§ DATASET CONTENT:
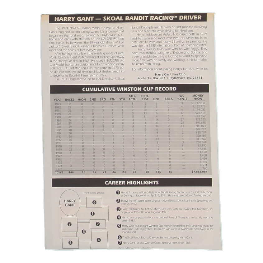 Harry Gant Signed NASCAR 8.5x11.5 Hero Card (Beckett)
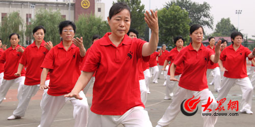 啟動(dòng)儀式上社區(qū)老年人表演太極拳
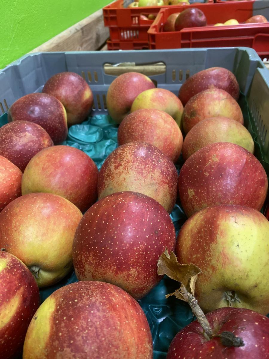 Variété douce, croquante, juteuse, excellente en tarte ou à croquer.Type "Boskoop" mais plus sucrée

§ AIM OF THE TASK:
Without including any picture, repeat the data exactly.

§ ANSWER BOX:
 Harry Gant Signed NASCAR 8.5x11.5 Hero Card (Beckett)
 啟動(dòng)儀式上社區(qū)老年人表演太極拳
 Variété douce, croquante, juteuse, excellente en tarte ou à croquer.Type "Boskoop" mais plus sucrée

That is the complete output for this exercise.